Si maintenant j'envisage les principes allégués dans leur effet le plus voyant, je ne puis manquer d'apercevoir ce qui, en tout temps, donna au visage humain son aspect de duplicité. Aux extrêmes, en un sens, l'existence est, de façon fondamentale, honnête et régulière : le travail, le souci des enfants, la bienveillance et la loyauté règlent les rapports des hommes entre eux ; en un sens contraire, la violence sévit sans pitié : les conditions données, les mêmes hommes pillent et incendient, ils tuent, violent et supplicient. L'excès s'oppose à la raison.

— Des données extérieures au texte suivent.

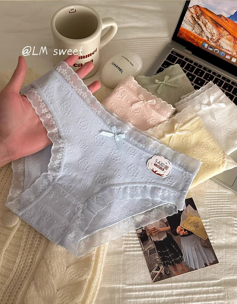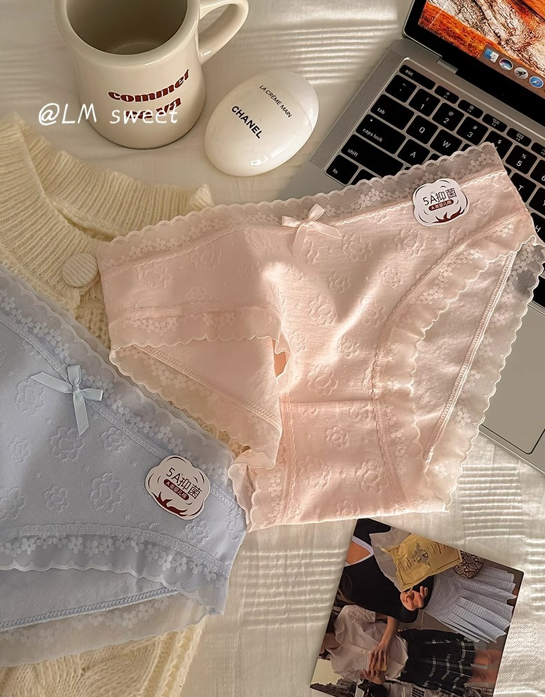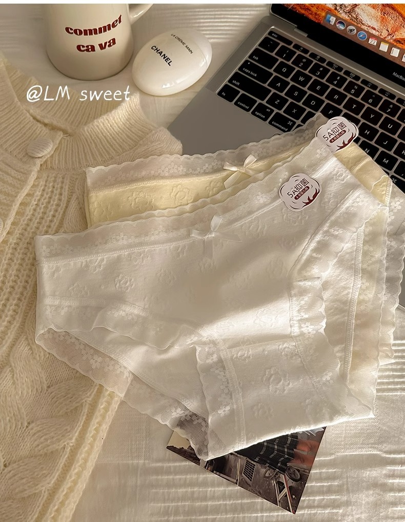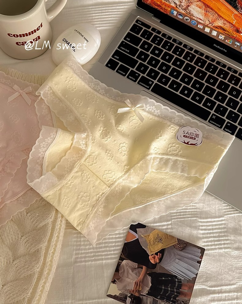 달콤한 속옷 여성의면 항균 5A 항균 섹시 레이스 코튼 가랑이 허리 2023 새로운 원활한 반바지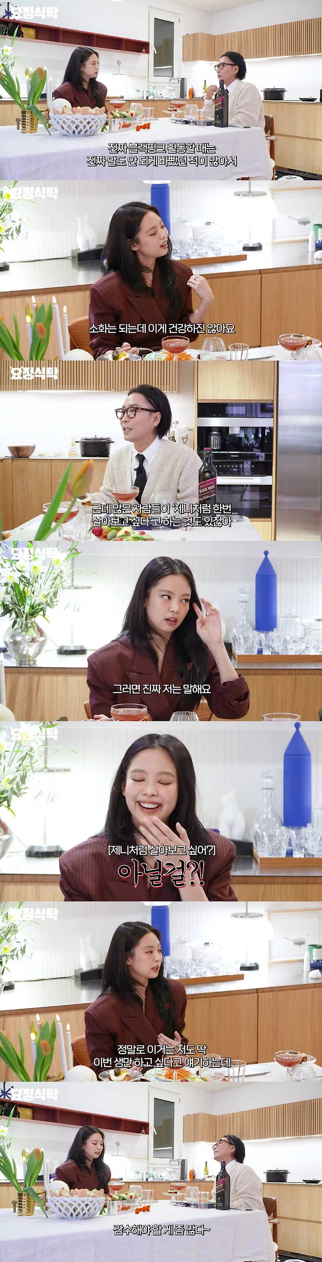 이에 정재형이 "그래서 그게 걱정인 거다. 근데 많은 사람들이 제니처럼 살고 싶다고 하지 않나"라고 말했고, 제니는 "맞다. 그럴 때마다 나는 '진짜 아닐걸?'이라고 말한다. 정말 나도 이번 생에만 이렇게 하고 싶다고 한다. 감수해야 할 게 많다. 다행히 소화는 하고 있다만 정말 쉽진 않았다"라고 토로했다.

Ces extrêmes recouvrent les termes de civilisation et de barbarie — ou de sauvagerie. Mais l'usage de ces mots, lié à l'idée qu'il y a des barbares d'un côté, de l'autre des civilisés, est trompeur. En effet les civilisés parlent, les barbares se taisent, et celui qui parle est toujours civilisé. Ou plus précisément, le langage étant, par définition, l'expression de l'homme civilisé, la violence est silencieuse. Cette partialité du langage a beaucoup de conséquences : non seulement civilisé, la plupart du temps, voulut dire « nous », barbare, « les autres », mais civilisation et langage se constituèrent comme si la violence était extérieure, étrangère non seulement à la civilisation, mais à l'homme lui-même (l'homme étant la même chose que le langage). L'observation montre d'ailleurs que les mêmes peuples, et le plus souvent les mêmes hommes, ont successivement l'attitude barbare et la civilisée. Il n'est pas de sauvages qui ne parlent et, parlant, ne révèlent cet accord avec la loyauté et la bienveillance qui fondèrent la vie civilisée. Réciproquement, il n'est pas de civilisés qui ne soient susceptibles de sauvagerie : la coutume du lynch est le fait d'hommes qui se disent, de nos jours, au sommet de la civilisation. Si l'on veut sortir le langage de l'impasse où cette difficulté le fait entrer, il est donc nécessaire de dire que la violence, étant le fait de l'humanité entière, est en principe demeurée sans voix, qu'ainsi l'humanité entière ment par omission et que le langage même est fondé sur ce mensonge.